Pursuant to the requirements of the Securities Act of 1933, the registrant certifies that it has reasonable grounds to believe that it meets all of the requirements for filing on Form S-8 and has duly caused this registration statement to be signed on its behalf by the undersigned, thereunto duly authorized, in Chartley, MA on this 10th day of November, 2005.

CERAMICS PROCESS SYSTEMS CORPORATION

By: /s/ Grant C. Bennett Grant C. Bennett President, Chief Executive Officer and Treasurer

POWER OF ATTORNEY AND SIGNATURES

We, the undersigned officers and directors of Ceramics Process Systems Corporation, hereby severally constitute and appoint Grant C. Bennett our true and lawful attorney with full power to him to sign for us and in our names in the capacities indicated below, the registration statement on Form S-8 filed herewith and any and all subsequent amendments to said registration statement, and generally to do all such things in our names and on our behalf in our capacities as officers and directors to enable Ceramics Process Systems Corporation comply with the provisions of the Securities Act of 1933, as amended, and all requirements of the Securities and Exchange Commission, hereby ratifying and confirming our signatures as they may be signed by our said attorneys, or any of them, to said registration statement and any and all amendments thereto.

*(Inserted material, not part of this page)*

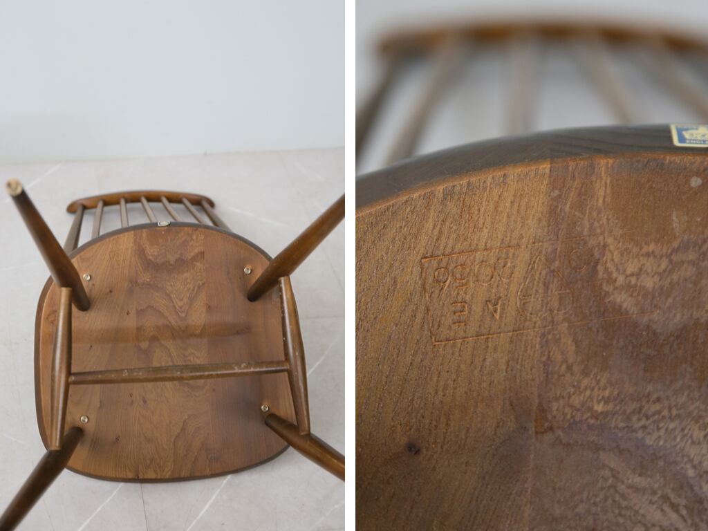 ブルーラベルは1954年~1970年の家具に使用されていたブランドのラベルで、Ercol社がウィンザーチェアの大量生産に成功して勢いのあった時期の家具に使用されたものです。現在では数も少なくなり程度の良いブルーラベルのチェアはマニア心くすぐる一品となっています。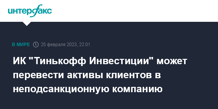 Москва. 25 февраля. INTERFAX.RU - Инвесткомпания (ИК) "Тинькофф Инвестиции" в связи с информацией о введении Евросоюзом санкций против Тинькофф банка сообщила, что может перевести активы клиентов в неподсанкционную компанию.

Pursuant to the requirements of the Securities Act of 1933, this registration statement has been signed by the following persons in the capacities and on the dates indicated.

Signature Title Date
/s/ Grant C. Bennett Grant C. Bennett President, Chief Executive Officer, Treasurer and Director (Principal executive officer, principal financial and principal accounting officer) November 10, 2005
/s/ H. Kent Bowen H. Kent Bowen Director November 10, 2005
/s/ Francis J. Hughes, Jr. Francis J. Hughes, Jr. Director November 10, 2005

INDEX TO EXHIBITS

Number Description
4.1 (1) Restated Certificate of Incorporation of the Registrant
4.2 (2) By-Laws of the Registrant
5 Opinion of Wilmer Cutler Pickering Hale and Dorr LLP, counsel to the Registrant
23.1 Consent of Wilmer Cutler Pickering Hale and Dorr LLP (included in Exhibit 5)
23.2 Consent of Wolf & Company, PC
23.3 Consent of Sansiveri, Kimball & McNamee, L.L.P. relating to consolidated financial statements for the year ended December 27, 2003
23.4 Consent of Sansiveri, Kimball & McNamee, L.L.P. relating to consolidated financial statements for the year ended December 28, 2002
24 Power of attorney (included on the signature pages of this registration statement)

(1) Incorporated by reference to Exhibit 3 to the Registrants Registration Statement on Form 8-A (File No. 0-16088). (2) Incorporated by reference to Exhibit 3.2 to the Registrants Registration Statement on Form S-1 (File No. 33-14616).